> **PROVIDED MATERIAL**:
------
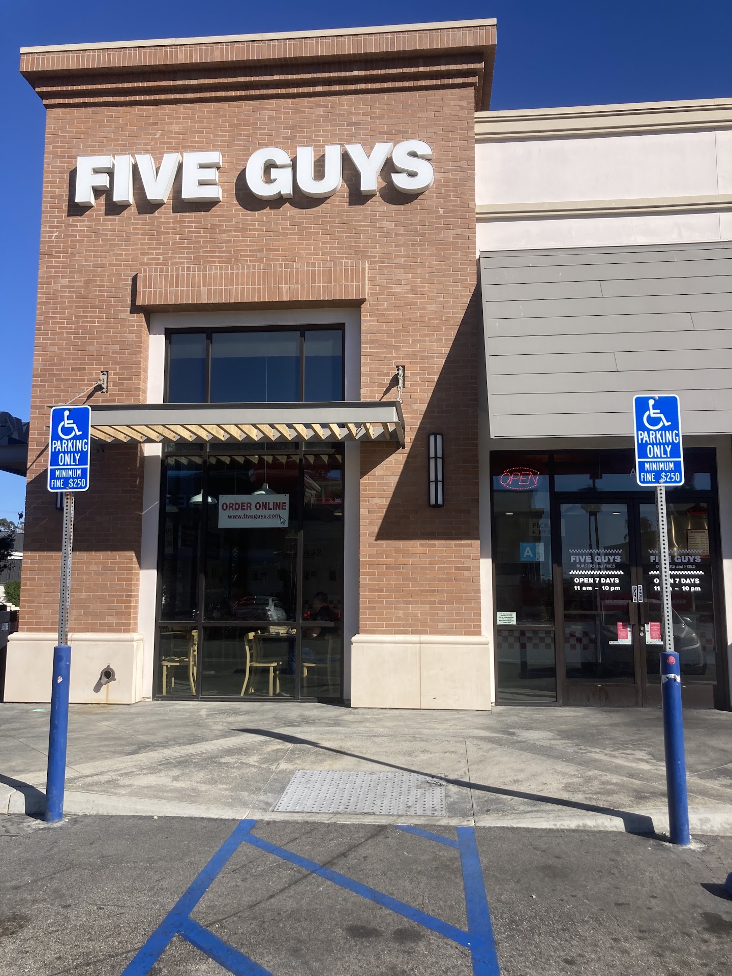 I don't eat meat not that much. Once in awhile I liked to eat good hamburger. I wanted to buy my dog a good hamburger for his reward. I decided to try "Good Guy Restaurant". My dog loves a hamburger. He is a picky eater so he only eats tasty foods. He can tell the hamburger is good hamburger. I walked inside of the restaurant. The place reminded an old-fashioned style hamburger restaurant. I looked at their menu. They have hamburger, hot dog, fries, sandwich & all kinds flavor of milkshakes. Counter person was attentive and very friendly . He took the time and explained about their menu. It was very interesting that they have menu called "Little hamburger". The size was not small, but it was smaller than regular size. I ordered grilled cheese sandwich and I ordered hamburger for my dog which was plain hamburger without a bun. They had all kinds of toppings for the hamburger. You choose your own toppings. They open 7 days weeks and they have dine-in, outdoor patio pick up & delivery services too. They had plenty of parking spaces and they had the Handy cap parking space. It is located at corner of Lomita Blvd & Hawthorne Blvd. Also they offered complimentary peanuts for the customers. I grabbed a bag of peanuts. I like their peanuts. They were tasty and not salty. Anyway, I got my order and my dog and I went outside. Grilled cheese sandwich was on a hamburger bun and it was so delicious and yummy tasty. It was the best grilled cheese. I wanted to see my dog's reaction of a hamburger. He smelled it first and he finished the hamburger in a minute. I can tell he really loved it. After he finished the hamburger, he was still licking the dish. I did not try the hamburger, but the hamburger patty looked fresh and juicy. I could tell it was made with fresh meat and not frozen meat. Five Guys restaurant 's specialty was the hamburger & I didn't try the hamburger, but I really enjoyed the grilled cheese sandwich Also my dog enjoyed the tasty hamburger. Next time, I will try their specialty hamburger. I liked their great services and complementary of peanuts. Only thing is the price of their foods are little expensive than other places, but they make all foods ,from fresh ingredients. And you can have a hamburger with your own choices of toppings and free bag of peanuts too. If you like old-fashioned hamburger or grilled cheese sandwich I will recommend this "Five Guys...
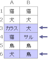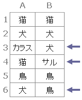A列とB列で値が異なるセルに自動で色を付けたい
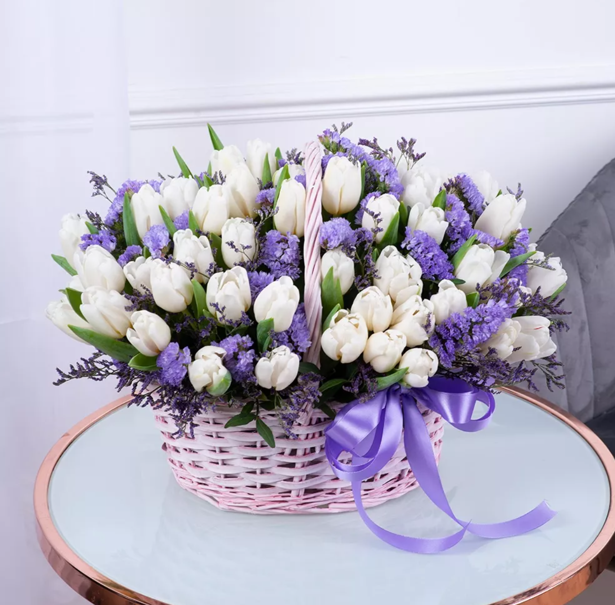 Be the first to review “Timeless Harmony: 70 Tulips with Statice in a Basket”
------
> **ASSIGNED TASK**:
Your task is to repeat the listing exactly while omitting its pictures.

> **RESPONSE**:
 I don't eat meat not that much. Once in awhile I liked to eat good hamburger. I wanted to buy my dog a good hamburger for his reward. I decided to try "Good Guy Restaurant". My dog loves a hamburger. He is a picky eater so he only eats tasty foods. He can tell the hamburger is good hamburger. I walked inside of the restaurant. The place reminded an old-fashioned style hamburger restaurant. I looked at their menu. They have hamburger, hot dog, fries, sandwich & all kinds flavor of milkshakes. Counter person was attentive and very friendly . He took the time and explained about their menu. It was very interesting that they have menu called "Little hamburger". The size was not small, but it was smaller than regular size. I ordered grilled cheese sandwich and I ordered hamburger for my dog which was plain hamburger without a bun. They had all kinds of toppings for the hamburger. You choose your own toppings. They open 7 days weeks and they have dine-in, outdoor patio pick up & delivery services too. They had plenty of parking spaces and they had the Handy cap parking space. It is located at corner of Lomita Blvd & Hawthorne Blvd. Also they offered complimentary peanuts for the customers. I grabbed a bag of peanuts. I like their peanuts. They were tasty and not salty. Anyway, I got my order and my dog and I went outside. Grilled cheese sandwich was on a hamburger bun and it was so delicious and yummy tasty. It was the best grilled cheese. I wanted to see my dog's reaction of a hamburger. He smelled it first and he finished the hamburger in a minute. I can tell he really loved it. After he finished the hamburger, he was still licking the dish. I did not try the hamburger, but the hamburger patty looked fresh and juicy. I could tell it was made with fresh meat and not frozen meat. Five Guys restaurant 's specialty was the hamburger & I didn't try the hamburger, but I really enjoyed the grilled cheese sandwich Also my dog enjoyed the tasty hamburger. Next time, I will try their specialty hamburger. I liked their great services and complementary of peanuts. Only thing is the price of their foods are little expensive than other places, but they make all foods ,from fresh ingredients. And you can have a hamburger with your own choices of toppings and free bag of peanuts too. If you like old-fashioned hamburger or grilled cheese sandwich I will recommend this "Five Guys...
A列とB列で値が異なるセルに自動で色を付けたい
 Be the first to review “Timeless Harmony: 70 Tulips with Statice in a Basket”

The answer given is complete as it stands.